1. Schiff describes the Russia of Véra Slonim's childhood as one in which Jewish families obligatorily engaged in "what must have seemed like a colossal, rigged game of Simon Says" (page 20). Do you think this tells you anything about the woman who would become Mrs. Vladimir Nabokov? How did Véra Slonim's father shape the person she would become? Do you think it mattered that her mother was to a large extent invisible in her own childhood?

2. Do you think the Nabokovs' joint gift for synesthesia—"the ability to transfer the observations of one sense into the vocabulary of another" (page 38)—had any impact on their relationship?

3. To what do you attribute Véra Nabokov's secretiveness?
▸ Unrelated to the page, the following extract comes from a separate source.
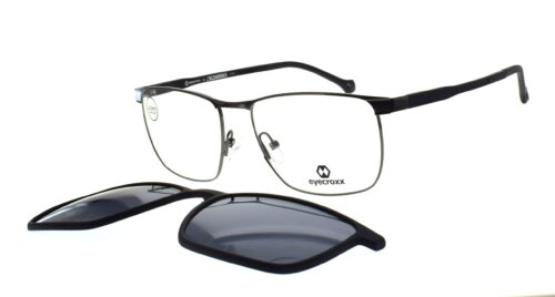 Men’s metallic frame, with ultem temples and assorted color ultem clip on with polarized lenses

Relatedly, how do you explain the couple's unwillingness to answer the question of how they first met?

4. Do you see Véra Nabokov as a victim? Does your view of her change—once, or incrementally, or not at all—in the course of the biography? Does she strike you as an appealing character?

5. In your opinion, was the Nabokovs' a happy marriage? Do you think Nabokov's passionate affair of 1937 left a lasting mark on the marriage? Did that affair come as a surprise to you, or did you sense it coming?

6. At Véra Nabokov's first encounter with a new Goethe scholar at Cornell, she immediately informed him, "I consider Faust one of the shallowest plays ever written" (page 187). To what do you attribute her statement?

7. How do you reconcile Véra Nabokov's claim that her English was not strong enough to permit her to write something about her husband with the masses of letters she did compose?

8. Why do you think the author lists the reasons the Cornell students provided for Véra Nabokov's presence in her husband's classroom (pages 175-6)?

9. What did Véra Nabokov think of Lolita? Are her feelings toward the novel consistent? To your mind, was she happy to see it published?

10. The relationship between Vladimir Nabokov and Edmund Wilson is one of the great vexed literary friendships of our time. Would the friendship have played itself out differently had Véra not been part of the picture?

11. "Generally she held people—herself especially—to the standards of her husband's literature, standards to which few of us, and even fewer publishers, rise," writes Schiff (page 305). Is it your impression that Mrs. Nabokov was reasonable and the world less so, or vice versa?

12. Why do you think the author included the 1961 interlude with Filippa Rolf, the Swedish poet? When do you first become aware of her in the biography?

13. Can you explain the force of Véra Nabokov's disdain for Pasternak's Dr. Zhivago (pages 242-3)? Are you sympathetic with her sentiments?

14. What kind of childhood would you say Dmitri Nabokov had? On page 209, his mother sends him instructions for the Lermontov translation his parents secure for him, assuring him that he can count on assistance at their end. What do you make of his having been groomed as family translator?

15. Where is Véra Nabokov reflected in her husband's work? And what does her life tell you about the creative process, and about the climate in which an artist creates?

16. What do you make of Nabokov's insistence on having his wife at his side at all times? Why did he want her there for interviews?

17. Schiff has chosen an old Russian proverb ("He likes like an eyewitness") as her epigraph to the last chapter. What is this quotation meant to signal to the reader?

18. By today's standards Véra Nabokov was hardly a woman of great accomplishments. Nor did she grow up in a household in which women played visible professional roles. Do you think of her as having had a career? Or is she something of a disappointment, from a feminist point of view?

19. What do you learn about Nabokov the man from reading about his wife? Has your opinion of him changed?

20. Are you aware as you read of an overall shape of Véra Nabokov's life, and of recurrent or overall themes in that life? Do you think all lives have themes?